Continuing the music theme, Anyanwu and Sebenele Lukhele ‘26 began to dance to an Amapiano song. If you haven’t heard of Amapiano, their song, “Water” by South African singer Tyla, has grown in popularity on TikTok. The song that they danced to was a different Amapiano song, but also had a great beat.

Following this dance, Zain Erakky ‘26 performed another spoken word piece, explaining the meaning of “Kelele” in Egyptian culture. To him, Kelele represented the cooking culture that is important to Egyptian families. “Without any cookbook we begin. We go with our feelings,” he explained. He alluded to Kelele even more, adding “the flavors as loud as our voices.” He continued to talk about the smell and taste of Egyptian spices in the kitchen, transporting the audience into his kitchen with each new detail. 

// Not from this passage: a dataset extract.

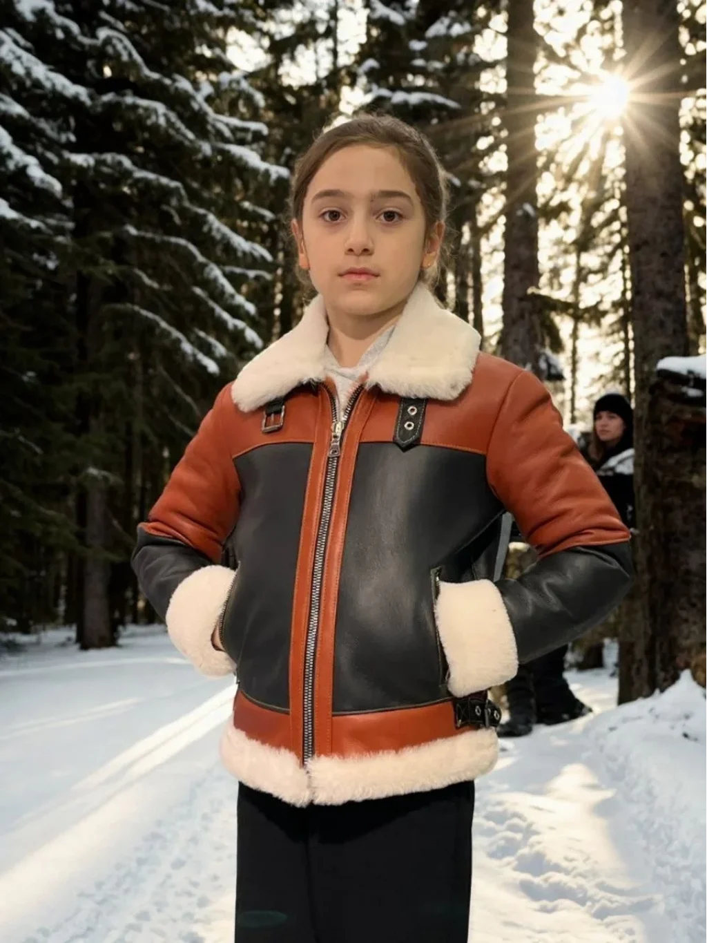Çocuk Yakalı Parçalı Kürk - Kiremit

Students dance with flags on the stage of Gomes Chapel at the Africana Fashion Show. (Photo provided by Mark Mattos at

Next up was a Somali dance piece. Students in red and black headpieces and dresses danced to a series of songs. Green and red lights shone on them, and new dancers cycled out from the wings to join them.

The next act started with a hint of confusion, as the lights suddenly dimmed. The audience looked around and then professional rapper and singer Chrizi Jamer danced down the aisle, belting out his song “One in a Million.” The audience clapped along to his performance. “Put your phones up. Shine those flashlights. Left right, left right,” he instructed the audience. The phone lights, the professional photographer capturing Jamer, and the thrill of the crowd, gave the effect of a real concert. “Sing it after me”, Jamer shouted, “you got my temperature rising!” “You got my temperature rising,” the audience sang back. After a few songs, Jamer danced his way out, thanking the audience for letting him live his dream by giving him a space to sing. 

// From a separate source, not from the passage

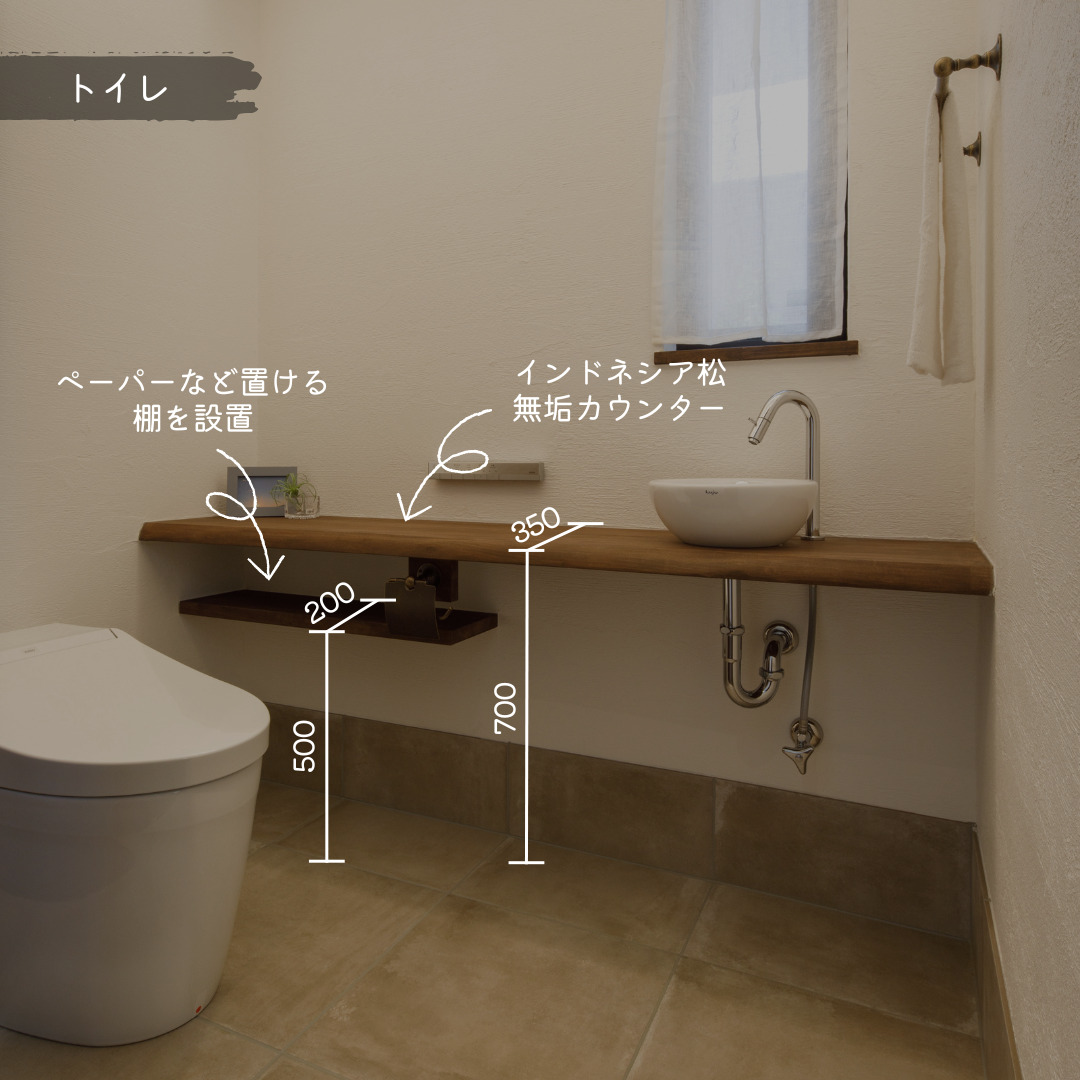 トイレには、無垢のインドネシア松を使った手洗いカウンターを設置。奥行きわずか35cmのスリム設計で、限られた空間にもすっきり収まります。

After Jamer’s performance came the main event: the fashion show. A plethora of songs filled the room as students strutted down the aisle in their garments. Most students did a small dance in their outfit, before walking off the stage. The audience cheered the loudest for the fashion show, some people even standing to get a better view.

People called out the names of their friends as they posed and smiled. Some people walked out individually while others strutted in pairs. There were people in sparkly blue dresses and gold jewelry and one girl in a pink and brown jacket that matched her pink and brown shirt. This girl swung her jacket over her shoulders and grinned at the audience. The next girl wore all pink and turned her pink jacket into a headscarf. Some students used props, like mirrors and baskets. Closing the show was a West African dance number. People in all black outfits, wearing white masks, danced in sync with one another. A lot of people then came out to join them, including the emcees. The dancing was infectious, even inspiring some spectators to join in. 

When the show ended the audience erupted in cheers. The performers posed for photos and the attendees danced their way out of the chapel.